ASRM2012: Surgery for endometriosis and endometrioma

 San Diego, 21 and 24 October 2012

The 68th Annual Meeting of the ASRM had plenty of coverage on endometriosis; not least two serious sessions on how to manage endometriosis surgically — and whether endometrioma can also be managed medically.

Surgical management of endometriosis

ASRM EndoSIG Chair, Dr Tommaso Falcone, presented an excellent overview of the surgical management of endometriosis in the second key note lecture of the meeting.  His main messages included:

ASRM EndoSIG Chair, Professor Tommaso Falcone

  • Experience does count in surgery in order to reduce recurrence of disease (ie. the more experienced the surgeon, the more likely s/he is to recognise and skilfully remove all disease, reducing the risk of recurrence);
  • We still have no definitive answer about whether to remove endometrioma (endometriotic cysts) prior to IVF and to what extent such removal may damage ovarian tissue and thus further compromise fertility;
  • We don’t know whether ablation surgery is better than excision surgery, and conducting a trial to determine this would be futile. Dr Falcone stressed that even randomising women, with different physical manifestations of the disease, to either treatment would be very difficult.  As an example he used endometriosis above the ureter: if this is ablated (burnt) you risk serious damage (burning) to the ureter, so how could one ethically randomise a woman to such a treatment?
  • Whereas there is no consensus on how to deal with bowel endometriosis (shaving vs. discoid resection vs. bowel resection) Dr Falcone stressed that as a surgeon it is important to recognise the risks and consequences associated with all of these procedures, and to discuss these with patients before embarking on this kind of surgery.

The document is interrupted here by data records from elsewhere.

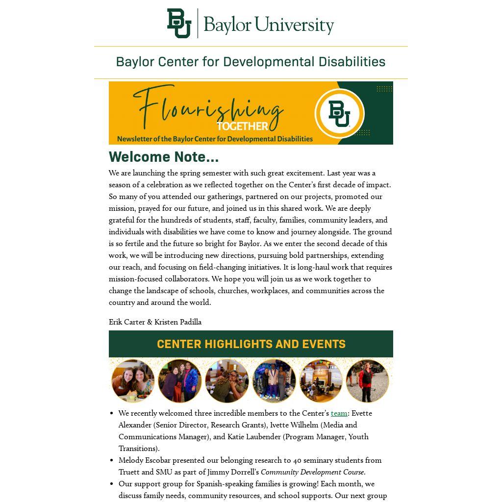 We are launching the spring semester with such great excitement. Last year was a season of a celebration as we reflected together on the Center’s first decade of impact. So many of you attended our gatherings, partnered on our projects, promoted our mission, prayed for our future, and joined us in this shared work. We are deeply grateful for the hundreds of students, staff, faculty, families, community leaders, and individuals with disabilities we have come to know and journey alongside. The ground is so fertile and the future so bright for Baylor. As we enter the second decade of this work, we will be introducing new directions, pursuing bold partnerships, extending our reach, and focusing on field-changing initiatives. It is long-haul work that requires mission-focused collaborators. We hope you will join us as we work together to change the landscape of schools, churches, workplaces, and communities across the country and around the world.
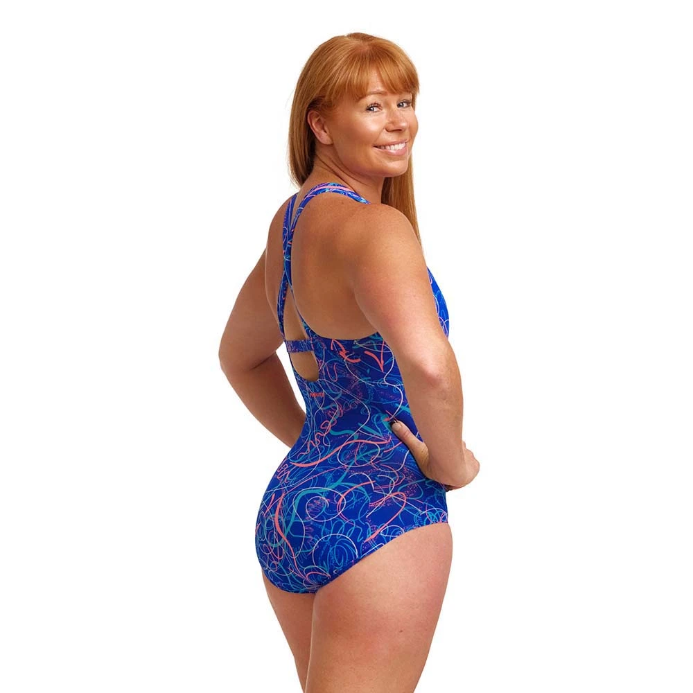 Designed to suit the active woman wanting greater structure from her swimwear, Funkita Form embraces comfort and functionality and combines hidden support, coverage and chlorine resistance for the fuller figure. Firming and controlling powermesh lining, underwiring, mastectomy pocketing and padded cups offer well-structured bust and body support for a variety of sizes. One piece and two piece separates are available in sizes 10 – 20, extending to an E cup.
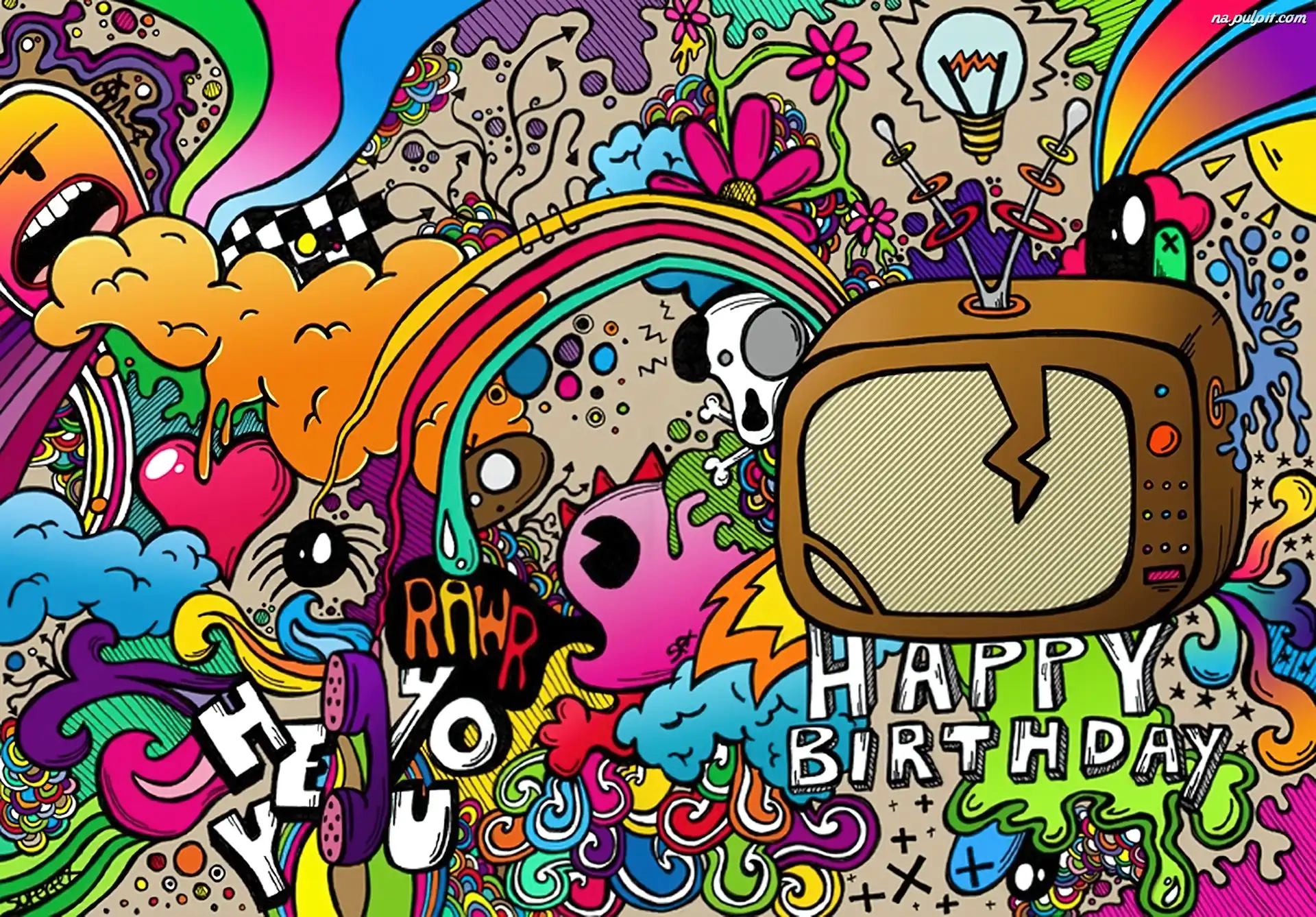 Telewizor, Kolorowa, Urodziny, Grafika
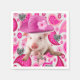 Paper Napkins, Pink Pig, Silver Hearts Napkins

The value of removing endometrioma

The ASRM EndoSIG’s “interactive session” on Wednesday afternoon included presentations from Drs David Adamson and Paolo Vercellini “debating” the value of removing endometrioma (also known as “chocolate cysts”).

Drs Paolo Vercellini and David Adamson, with session chair Dr Pamela Stratton

The overall “take-home message” was that of INDIVIDUALISATION.

In terms of fertility outcome, today there is no proven treatment pathway for women with endometrioma.  There is no known evidence of whether surgical removal, medical suppression, or immediate IVF treatment will improve pregnancy rates in women with endometriosis.

Furthermore one of the concerns raised during this session was whether surgical removal of ovarian cysts may compromise ovarian reserve.

Moving forward

How to handle endometrioma (chocolate cysts) is one of the (many) unanswered questions in endometriosis, and one of which the World Endometriosis Research Foundation (WERF) will attempt to address through one of its new studies (EndoART).